DIRECTIONS FOR THIS TASK:
Copy out all the lines of the data precisely, omitting any pictures.

MATERIALS PROVIDED:
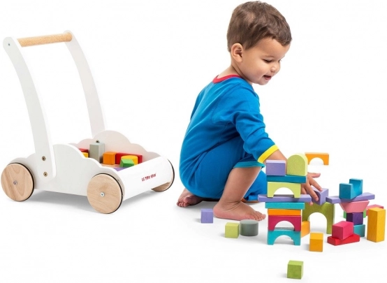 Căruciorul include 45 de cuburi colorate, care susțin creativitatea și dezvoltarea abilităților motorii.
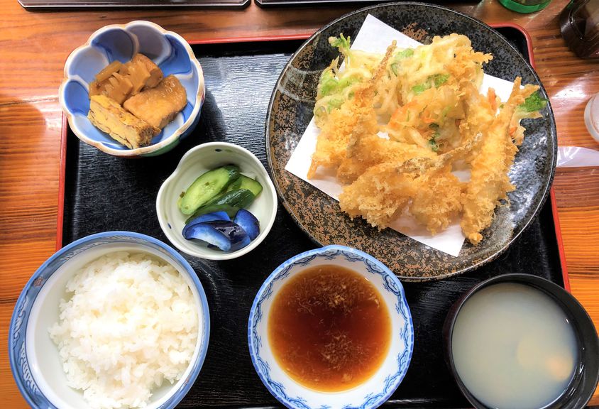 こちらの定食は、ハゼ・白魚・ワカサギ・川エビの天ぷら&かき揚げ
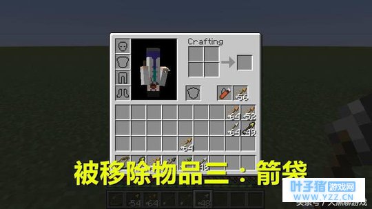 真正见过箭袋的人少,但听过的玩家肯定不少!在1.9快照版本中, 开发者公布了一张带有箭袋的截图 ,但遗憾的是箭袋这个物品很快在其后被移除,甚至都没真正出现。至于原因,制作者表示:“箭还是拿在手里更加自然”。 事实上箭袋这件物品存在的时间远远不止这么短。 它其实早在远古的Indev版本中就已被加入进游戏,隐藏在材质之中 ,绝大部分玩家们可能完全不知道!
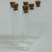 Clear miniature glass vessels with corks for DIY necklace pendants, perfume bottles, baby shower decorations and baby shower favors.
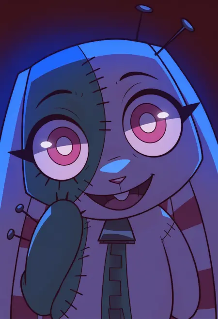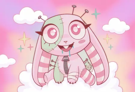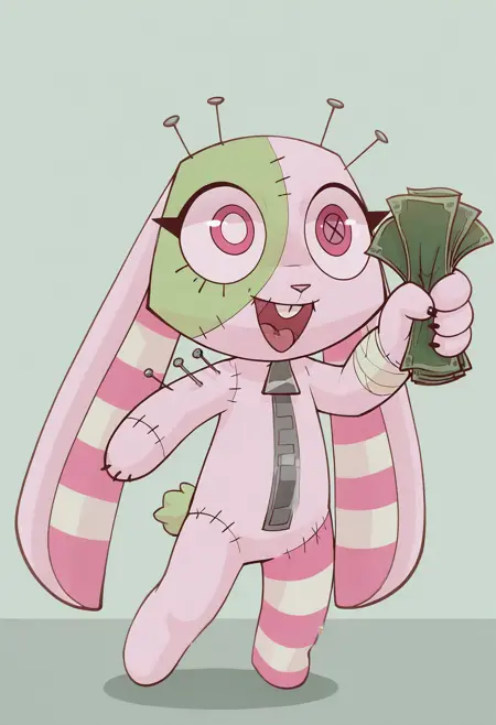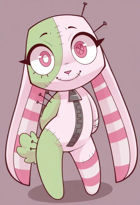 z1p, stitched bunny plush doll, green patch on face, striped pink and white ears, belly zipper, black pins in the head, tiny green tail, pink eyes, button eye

REPLY:
 Căruciorul include 45 de cuburi colorate, care susțin creativitatea și dezvoltarea abilităților motorii.
 こちらの定食は、ハゼ・白魚・ワカサギ・川エビの天ぷら&かき揚げ
 真正见过箭袋的人少,但听过的玩家肯定不少!在1.9快照版本中, 开发者公布了一张带有箭袋的截图 ,但遗憾的是箭袋这个物品很快在其后被移除,甚至都没真正出现。至于原因,制作者表示:“箭还是拿在手里更加自然”。 事实上箭袋这件物品存在的时间远远不止这么短。 它其实早在远古的Indev版本中就已被加入进游戏,隐藏在材质之中 ,绝大部分玩家们可能完全不知道!
 Clear miniature glass vessels with corks for DIY necklace pendants, perfume bottles, baby shower decorations and baby shower favors.
 z1p, stitched bunny plush doll, green patch on face, striped pink and white ears, belly zipper, black pins in the head, tiny green tail, pink eyes, button eye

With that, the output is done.